Ex-shut-in and I get what you mean. I was "inside" for 7-ish years, still working on getting out out. Sometimes u just gotta ride it out. I made a conscious decision to change myself - it's hard as fuck but no one knows how tough it is even will yourself to get out the bed everyday.
Currently I am sitting in a crowded cafe - just trying to BE around other humans without collapsing. Do this everyday. Just go into a crowded area with my headphones in case things get over whelming but the trick is to be learn to be around people first. Exercise and change in diet is another thing - i don't mean "healthy" i mean actually spending time thinking what you want to eat today and making an effort to eat that thing. Find a friend u can talk to - not deep meaningful stuff, but like marvel movies or memes... Keeps ur thoughts lighter etc etc..
Small things... They help.

Hmm then find an online counselling, I recommend you iCall. They have an email based counselling. And it's free. Also why not join a group of people who deals with any mental illness you have? discord might have one. Also good luck. I wish you and the others well I'm glad everyone is opening up about being a shut in.. in this manga. it really connects us all who have the same problem and help each other out(๑•ㅂ•)و✧

That's good. That's a start. Next try going to the school 15 mins early and try to make SMALL talk with other parents. Just simple hello to other people or smile. Don't overdo it but smiling and saying hello as u line up to get kids will ease u into being around other people. Or wave bye when you leave. That's it. No other interaction.

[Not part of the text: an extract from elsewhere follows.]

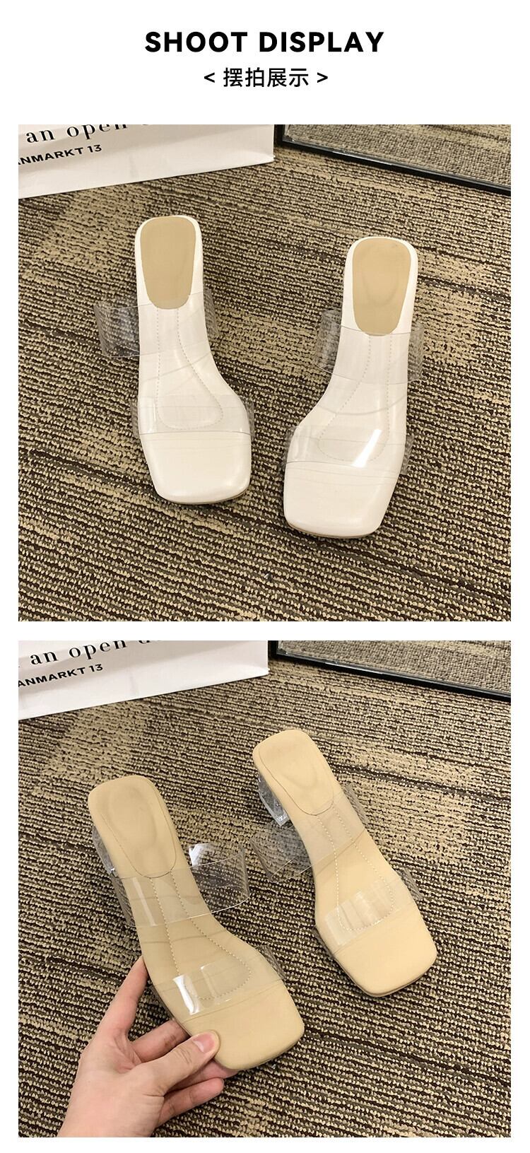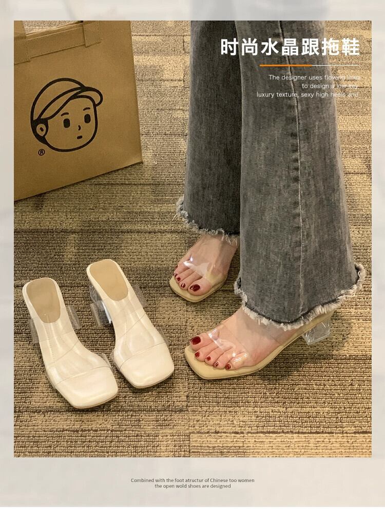 スリッパレディースアウター 2023 夏の新スタイルフレンチレトロ優しい透明な単語とクリスタルハイヒール潮 靴 シューズ ミュール サマー 夏物 jxjxf57613018127

Wow, using the suicide card against Muyeong, just... wow. I understand that he was depressed because of what happened to him, yet his mom still thinks about business and marriage, but damn, using that to tie Muyeong to him is unbelievably sick and twisted. It made me so uncomfortable to use the suicide card against people, like, I was suicidal when I was still in college but it's not like I want to gain someone's attention ffs. Why would you do that to the person you love? Why the threat? It may be regrettable that he realized his feelings a little too late, but damn, he doesn't have the right to ruin Muyeong's love life. He should just accept it and move on.
And as for grandma, she's right. If Muyeong wants to be independent and to stand on his own, he needs to do all that from scratch. And she's been very understanding with Muyeong's sexual preference. Heck, she didn't even confront Muyeong about when she accidentally knew about his sexual activities with his sunbae (lmao she had a mental breakdown at first tho, good thing miss secretary was there to calm her down and be rational). She's just waiting for Muyeong to tell her on his own, which is highly commendable.
This was painfully good
I've always avoided angsty stories because I can't deal with the pain, but this was a good read.